BEGIN INFORMATION PROVIDED
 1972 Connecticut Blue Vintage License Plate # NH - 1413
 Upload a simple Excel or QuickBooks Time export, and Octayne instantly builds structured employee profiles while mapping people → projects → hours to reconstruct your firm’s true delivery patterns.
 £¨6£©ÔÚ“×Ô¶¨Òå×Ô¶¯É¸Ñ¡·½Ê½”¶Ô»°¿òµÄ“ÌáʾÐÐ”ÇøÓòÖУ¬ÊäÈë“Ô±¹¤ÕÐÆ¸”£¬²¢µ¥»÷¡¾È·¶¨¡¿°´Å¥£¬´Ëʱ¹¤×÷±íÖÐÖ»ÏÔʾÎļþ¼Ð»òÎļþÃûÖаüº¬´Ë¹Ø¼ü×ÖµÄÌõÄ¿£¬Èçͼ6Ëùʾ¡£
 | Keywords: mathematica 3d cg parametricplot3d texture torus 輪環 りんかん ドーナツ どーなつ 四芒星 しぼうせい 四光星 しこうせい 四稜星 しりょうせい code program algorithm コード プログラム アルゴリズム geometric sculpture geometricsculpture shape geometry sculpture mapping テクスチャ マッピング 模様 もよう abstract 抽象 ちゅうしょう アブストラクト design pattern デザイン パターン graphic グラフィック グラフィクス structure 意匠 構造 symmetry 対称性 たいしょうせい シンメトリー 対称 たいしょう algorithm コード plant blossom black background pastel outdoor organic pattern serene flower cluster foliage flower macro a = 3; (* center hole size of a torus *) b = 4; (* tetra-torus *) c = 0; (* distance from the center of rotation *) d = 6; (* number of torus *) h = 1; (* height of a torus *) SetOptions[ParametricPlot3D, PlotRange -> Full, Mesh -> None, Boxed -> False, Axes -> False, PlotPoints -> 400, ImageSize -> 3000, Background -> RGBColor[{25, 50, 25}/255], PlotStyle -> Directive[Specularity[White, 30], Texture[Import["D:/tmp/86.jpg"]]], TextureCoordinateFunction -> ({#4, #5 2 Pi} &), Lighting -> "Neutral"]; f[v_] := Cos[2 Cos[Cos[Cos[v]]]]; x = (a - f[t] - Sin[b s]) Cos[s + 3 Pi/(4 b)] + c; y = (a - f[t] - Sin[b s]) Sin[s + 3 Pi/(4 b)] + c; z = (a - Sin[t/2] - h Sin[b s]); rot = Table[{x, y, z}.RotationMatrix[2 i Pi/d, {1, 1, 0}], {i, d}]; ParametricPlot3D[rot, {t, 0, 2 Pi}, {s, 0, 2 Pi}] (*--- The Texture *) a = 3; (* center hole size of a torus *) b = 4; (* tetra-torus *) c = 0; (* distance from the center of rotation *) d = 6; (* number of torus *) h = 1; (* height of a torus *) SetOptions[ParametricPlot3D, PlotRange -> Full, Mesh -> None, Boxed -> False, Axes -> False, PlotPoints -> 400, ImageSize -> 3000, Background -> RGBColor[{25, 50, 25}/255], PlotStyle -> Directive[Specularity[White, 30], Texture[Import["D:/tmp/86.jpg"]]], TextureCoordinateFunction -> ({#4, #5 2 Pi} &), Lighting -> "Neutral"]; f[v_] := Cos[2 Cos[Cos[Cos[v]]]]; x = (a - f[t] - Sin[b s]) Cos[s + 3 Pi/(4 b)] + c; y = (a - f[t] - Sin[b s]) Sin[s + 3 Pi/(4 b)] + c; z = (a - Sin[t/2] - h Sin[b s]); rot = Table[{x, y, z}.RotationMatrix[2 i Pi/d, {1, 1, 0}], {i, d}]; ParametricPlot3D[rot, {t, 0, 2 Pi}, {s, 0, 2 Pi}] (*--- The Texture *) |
END INFORMATION PROVIDED
BEGIN INFORMATION PROVIDED
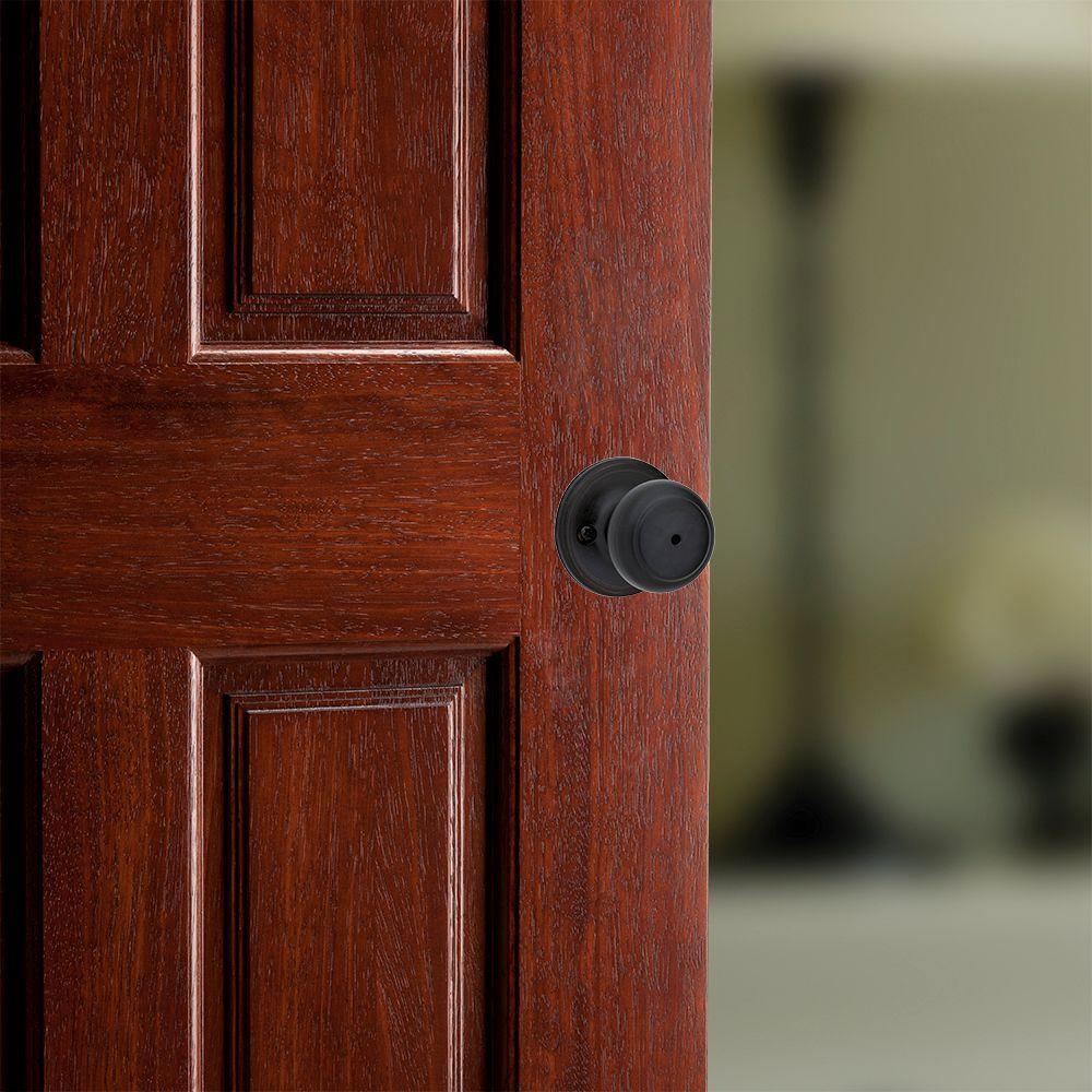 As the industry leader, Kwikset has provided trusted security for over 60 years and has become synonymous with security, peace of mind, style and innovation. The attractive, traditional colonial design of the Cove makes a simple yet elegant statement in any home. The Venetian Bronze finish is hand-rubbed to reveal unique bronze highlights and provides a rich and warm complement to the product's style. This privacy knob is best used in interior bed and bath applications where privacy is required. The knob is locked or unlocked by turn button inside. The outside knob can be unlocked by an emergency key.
END INFORMATION PROVIDED
As the answer, set down only the lines from the data above between the one holding "1972 Connecticut Blue" and the one holding "Upload a simple", inclusive, exactly as they read.

 1972 Connecticut Blue Vintage License Plate # NH - 1413
 Upload a simple Excel or QuickBooks Time export, and Octayne instantly builds structured employee profiles while mapping people → projects → hours to reconstruct your firm’s true delivery patterns.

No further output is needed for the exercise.